Thailand says it will soon offer anti-AIDS drugs at almost no cost to anyone living with HIV or AIDS. The government is keeping a promise made at an international AIDS conference last year.
The Thai Health Ministry says providing anti-retroviral or ARV drugs through the national health service will make them available to up to half a million people.
Thailand believes it will be the first country in the world to provide all HIV/AIDS patients with the drugs, which block the action of the HIV virus and slow its attack on the immune system.
Sombat Phanprasertsuk, a director with the Thai Health Ministry, says the initiative fulfils a promise made by Thai Prime Minister Thaksin Shinawatra when the country played host to the 15th International AIDS Conference last year.
Dr. Sombat says the scheme builds on earlier programs. "Last year, my prime minister announced that the government will include the anti-retroviral agents for AIDS treatment for all AIDS patients, and in fact, we have been operating this ARV program for quite some time and the coverage has improved so much," he explained.
The service will commence in October, and will guarantee that every HIV and AIDS patient will have access to ARV drugs through the normal health system.
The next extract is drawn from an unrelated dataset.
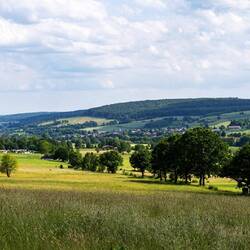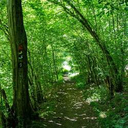 In Dillenburg befindet sich das hessische Landgestüt. Heute ist es die zentrale Vorbereitungs- und Prüfungsstätte für den Beruf „Pferdewirt“ in Hessen, Rheinland-Pfalz und dem Saarland. Wieder was gelernt. Von Dillenburg nach Herborn wechsle ich auf den Lahn-Dill-Bergland-Pfad. Meist verläuft er durch hübschen Wald, bietet aber immer wieder schöne Aussichten. Als ich mich nach Niederscheld den Berg hoch kämpfe, treffe ich drei Personen, die gerade eine nicht endemische Pflanze händisch entfernen. Und da ist er wieder der Moment: „Wohin soll es gehen?“ „Nach Oberstdorf“ Scheinbar gibt es hier nen Ort, der auch so heißt. „Ne Rundtour?“ - „Nein, Oberstdorf im Süden.“ Wieder werde ich Botschafter für den Nord-Süd-Trail. Was mich freut: so langsam komme ich sprachlich in heimatliche Regionen.

Up to one million Thais have been infected with the AIDS virus, and 500,000 have died of AIDS since it was identified in the country in 1984.
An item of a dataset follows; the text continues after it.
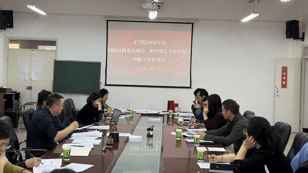 1月10日,文学院举办2026年度国家社科基金项目、教育部人文社科项目申报工作推进会。学院副教授及以上职称教师、博士学位教师、各教研室主任、学术委员会成员、14 位项目申报人及评议专家参会。
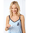 Pijamale Flota din bumbac, în culorile albastru și bleumarin, cu bretele subțiri

By adding AIDS drugs to national health service coverage, Thailand is expanding a program that has already given free anti-retroviral drugs to 50,000 low income patients.
Dr. Sombat said the government plans to spend $68 million in the first year of the new program.
The drug program was announced at a national seminar, where some raised concerns that Thailand's AIDS education and assistance programs were beginning to lose momentum.
Experts at the seminar warned that rapidly changing patterns of behavior, including unsafe sex, were exposing millions of Thai teenagers to health risks.
Thailand has been considered a success story in the region's fight against AIDS, with the annual rate of new HIV infections dropping to just over 21,000 from more than 140,000 in the early 1990s.
The United Nations recently put the number of people in Asia with the AIDS virus at just over eight million.